This class will explore the many unique applications and extensions of the randomForest package, many of which are implemented in R.
Access to these methods allows the user to easily solve problems not susceptible to other methods, including deep learning.
Topics will include:
- A brief overview of the random forest algorithm.
- Out-of-sample estimates on training data, and applications in fraud, risk and outlier detection—random forests can make confident predictions on training data, unlike most other methods.
- Single-model quantile regression—estimating a full distribution, not just the mean. Vital for risk-based estimation
- The proximity matrix—a powerful visualisation, clustering and insights tool unique to random forests.
- Random forests as an unsupervised learning method—outlier detection and clustering when there are no target values—vital for fraud detection.
- ranger, a fast, flexible implementation of random forests in R.
- extraTrees (Extremely Randomized Trees), an extension to random forests that often adds more accuracy.
- Dealing with small data sets and small classes.
A range of other topics, including recent works and extensions of existing packages, may also be covered.

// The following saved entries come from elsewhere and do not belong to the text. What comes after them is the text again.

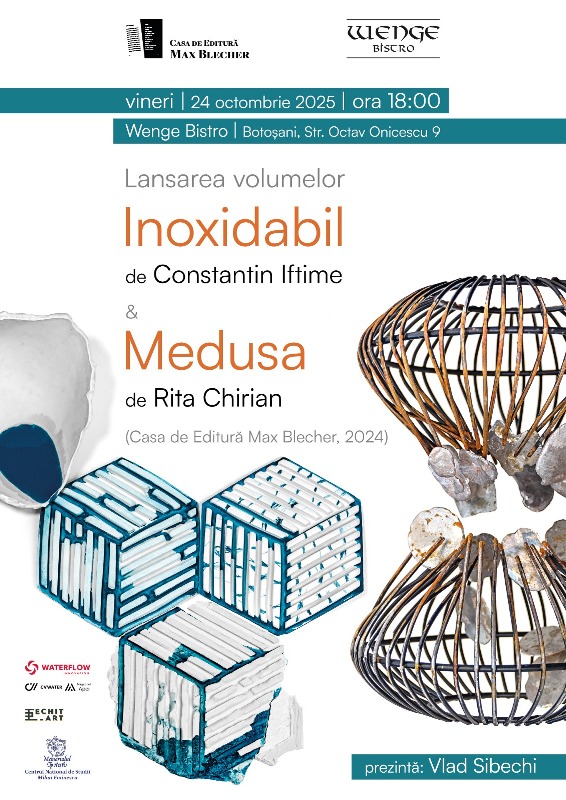 Casa de Editură Max Blecher, în parteneriat cu Memorialul Ipotești – Centrul Național de Studii „Mihai Eminescu”, vă invită vineri, 24 octombrie 2025, de la ora 18:00, în Wenge Bistro (Botoșani, str. Octav Onicescu nr. 9), la lansarea volumelor „Inoxidabil” de Constantin Iftime și „Medusa” de Rita Chirian. Evenimentul va fi moderat de Vlad Sibechi.
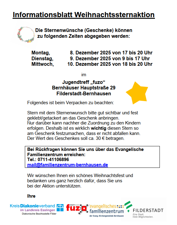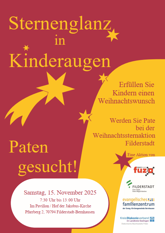 Mit der Weihnachtssternaktion soll Kindern aus bedürftigen Familien in Filderstadt ein Weihnachtsgeschenk ermöglicht werden. Das Budget für Menschen, die von staatlicher Unterstützung leben, ist sehr eng bemessen. Da bleibt für die Bedürfnisse der Kinder, die über Kleidung und Nahrung hinausgehen, kaum Spielraum.
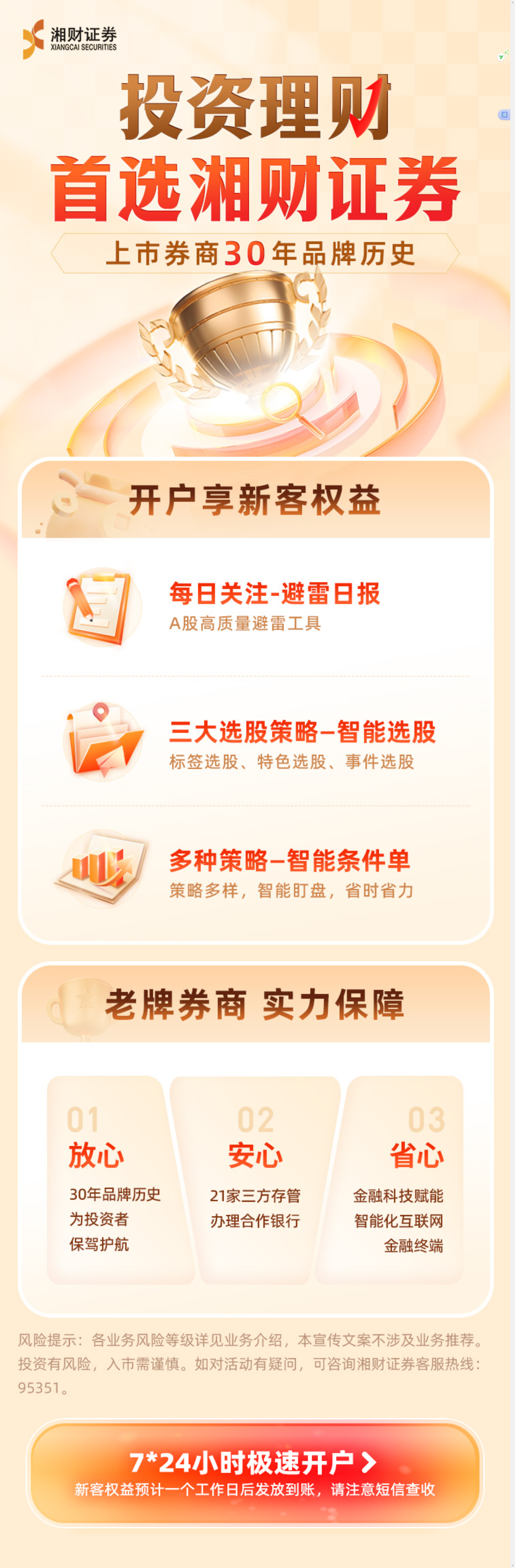 風險提示:各業務風險等級詳見業務介紹,本宣傳文案不涉及業務推薦。投資有風險,如是需謹慎。如對活動有疑問,可咨詢湘財證券客服熱線:95353。
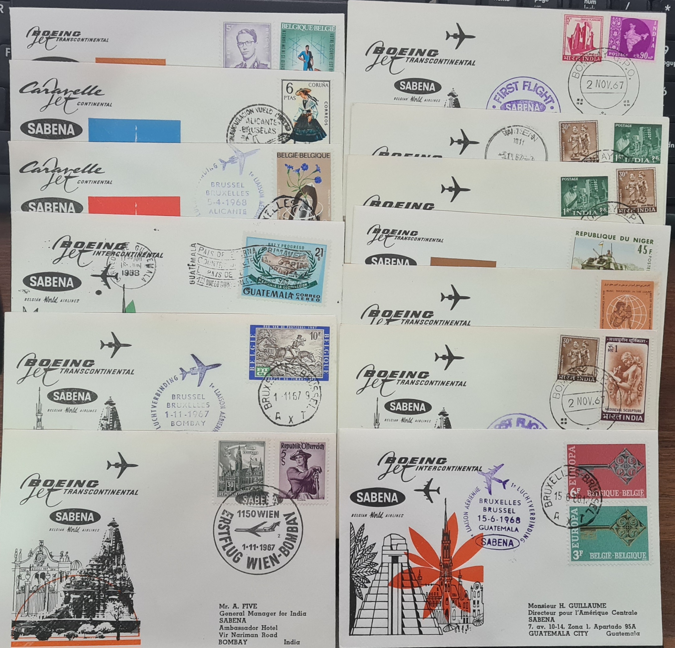 Boeing Sabena 1967/8 Covers Collection (13) First Flight

Trainees are expected to be familiar with R, the basics of machine learning and out-of-sample error estimation, and the basic workings of the random forest algorithm.
Equipment
Computers running R with practical examples from all core components will be provided to attendees. These may not necessarily be configured for the most advanced topics, which may involve demonstrations only, especially if requiring server or cloud functionality.
Course instructor
The course will be led by Presciient director, Dr Eugene Dubossarsky. He is the head of the Sydney Users of R Forum. Eugene is also Principal Founder of Analyst First, an international analytics industry organisation. He is a founder of the Institute of Analytics Professionals of Australia (IAPA); Director, University of New South Wales School of Mathematics and Statistics Industry Advisory Board; and a recognised industry leader in business analytics. Eugene is an experienced analytics professional with 20 years’ experience programming in R and its parent language, S.
Testimonials
The Introduction to R course provided clear and logical assistance to getting up and running with R. More than that, the real value was in providing guidance on the myriad of online resources and introducing me to a network of passionate and helpful R users. Eugene is a knowledgeable and approachable teacher. I wouldn’t hesitate in recommending the course. I feel that I am now fully on the road to applying R and using data to improve efficiency across my organisation.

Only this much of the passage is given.